Employee testing has now reached a global scale as more and more multinational companies start to use a standard set of tests worldwide for their HR decisions. Typically, these tests are developed in the headquarters country (mostly North America), and then translated to different languages, and administered in subsidiary companies over the world. When a test doesn’t work well in a foreign country, people often blame the translation. While it is true that poor translation can lead to ambiguities and misinterpretations, cultural differences oftentimes cause more problems than linguistic idiosyncrasies.
Many of you may wonder, as long as we adjust norms to the local population and get a good estimate of individuals’ standings relative to their peers, why should we care about culture. Well, it’s a fair argument, but things are more complicated than this. Imagine that a personality item is culturally sensitive – agreeing with the item means disregarding what is generally accepted in that society. Then how much variability would you anticipate in the responses? If 95% of the population answers “strongly agree” to an item, what is the added value to keep it in the test? This is simply one example of how culture can affect the functioning of a test item.

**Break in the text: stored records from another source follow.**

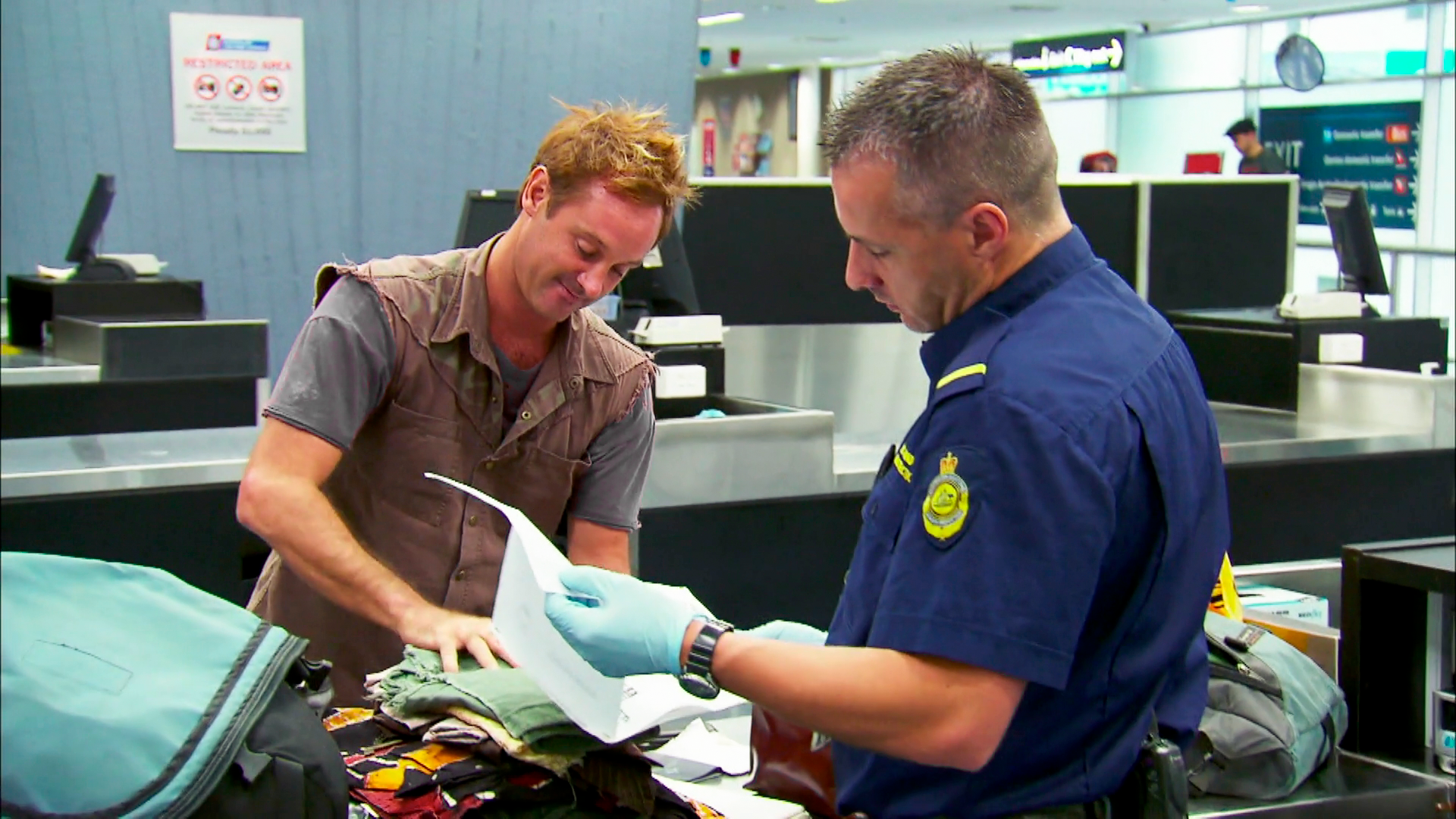 En intensiv gennemsøgning gør en passager nervøs, og en mand nægter at indrømme sin kriminelle fortid.
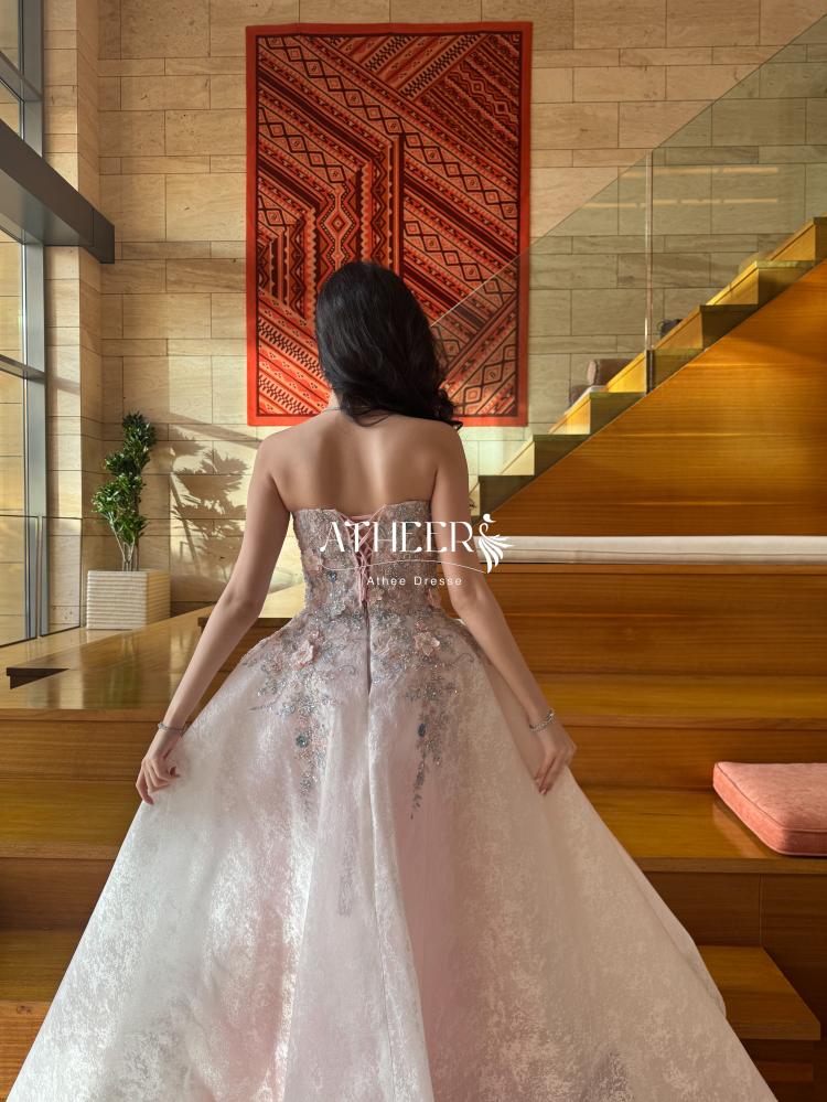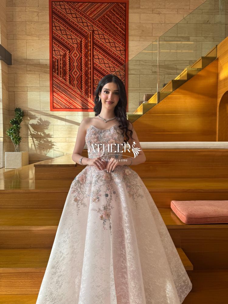 فستان كلوش سواريه طويل بقصة ملكية من متجر فساتين أثير أفضل متجر فساتين سعودي، بتصميم بدون أكتاف وتطريزات وردية ناعمة، يمنحك حضوراً ساحراً في المناسبات الرسمية والمميزة.
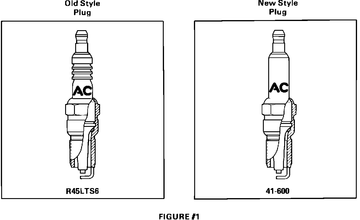 This new spark plug can be visually identified by its smooth ceramic surface, the ridges have been removed (see figure 1). These new spark plugs have a anti-stick material coating baked onto the spark plugs outer ceramic surface. This coating is clear with a slightly waxy feel. To further help identify the new spark plug, the type number has been changed to 41-600 from R45LTS6.
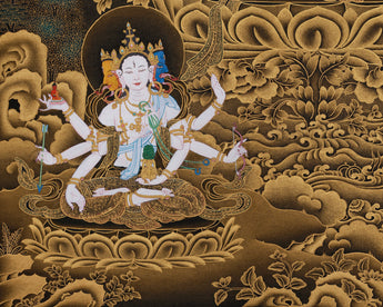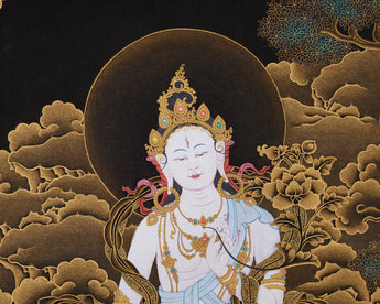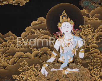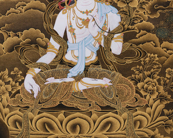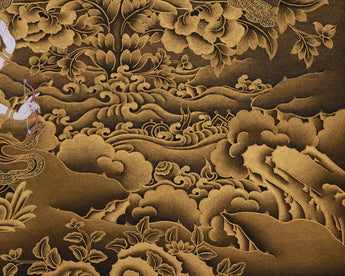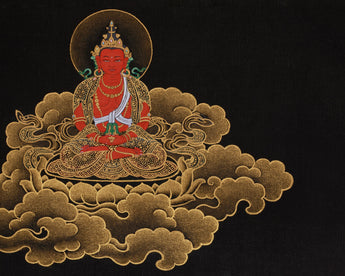 The black canvas, as a dramatic backdrop, highlights the glowing gold elements, producing a depth and light interplay. Gold decorations and elaborate patterns increase the composition's spiritual importance in this elegant Nakthang style, a trademark of Tibetan Buddhist art. Every element, from the celestial motifs to the deities' ornate adornments, has been meticulously hand-painted by a master artist trained in the sacred traditions of Buddhist thangka creation. This work transcends mere aesthetics for practitioners and collectors alike, offering a gateway to the divine essence of Buddhist philosophy and tradition.
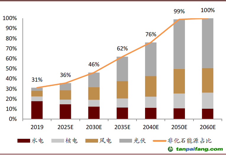 ?非電碳中和:還是有很多領(lǐng)域的能源需求無(wú)法通過(guò)電來(lái)替代,不僅僅是電力的成本問(wèn)題,也是其利用能源的形式所致。比如在交通長(zhǎng)距離領(lǐng)域能源使用難以通過(guò)電能實(shí)現(xiàn),化工,金屬&非金屬冶煉等行業(yè)需要通過(guò)燃燒能源的使用形式也難以被電能滿足。我們預(yù)計(jì)在2060年能源中30%的能源消費(fèi)將以非電的形式存在,因此能源碳中和的最后一步將需要由氫能或者碳捕捉完成。 本%文$內(nèi)-容-來(lái)-自;中_國(guó)_碳|排 放_(tái)交-易^網(wǎng)^t an pa i fang . c om

Culture is rooted in every social human being and it has profound influence on people’s values, beliefs, thinking styles, behaviors patterns, and even information they receive and internalize.
Cultural differences take various forms. Below are a few you will commonly encounter when developing and delivering employee assessments globally.
1. Construct differences. The psychological constructs you intend to capture in a selection test, whether it be a personality trait or cognitive ability, may be defined dissimilarly or not even exist in another culture. The concept “face”, for example, is indigenous in Chinese culture, meaning that one should protect people’s public self-image to maintain harmonious interpersonal relationships. While in China saving face is a critical dimension of social intelligence to predict career success, it is rarely built into western selection tests. Culture values also determine the appropriateness of behaviors. Taking subordinates to drink after work is regarded as a desirable leader behavior in Japan, yet it’s not generally the case in other countries.
2. Stimulus familiarity differences. When it comes to test content, people from different countries may have unequal exposure to materials in the test, depending on the customs and conventions in that society. For example, a quantitative problem solving question using inch as a measurement unit will likely place test takers from metric system countries at a disadvantage. As another example, a study in the 1970s found that Arab students scored surprisingly low in a figural inductive reasoning test . Later researchers realized that because Arabic writing is from right to left, it is more difficult for them to discover and apply rules in the test picture from left to right.
3. Test administration differences. Even if you have developed culture-invariant content and constructs, the test can be delivered in completely distinct procedures and modes across countries. As an example, in some cultures people prefer larger social distance, so ensuring enough amount of space between test takers when it’s in a group setting is important to reduce test anxiety and uneasiness.
4. Response style differences. Three types of response styles often occur (and vary by culture) in self-reported measures such as personality and integrity tests. Mexico and some Asian countries show greater social desirable responding by endorsing items that are socially favorable. This is because people in these countries tend to have a stronger need for social approval and feel obligated to conform to societal norms. Acquiescence responding is often seen among South Asians and Latinos. As they are more tolerant to conflicting ideas, respondents from these countries tend to agree with the items regardless of the content. Lastly, individualistic and masculine cultures show a greater tendency of extreme responding (e.g., endorsing 1 or 5 on a 5-point scale), whereas East Asia such as China, Japan, South Korea use middle points of a scale more frequently. Such a difference echoes the opposing cultural values: the former encourages people to be unique and outstanding, whereas the latter advises people not to stand out from their social group and avoid extreme actions.
Culture is complicated because it’s abstract and intangible but affects every aspect of human behavior. Rather than vainly seeking for a universal solution to eradicate culture from global testing, we’d better learn about the uniqueness of the culture we target for testing and factor it in at every stage, from design to delivery.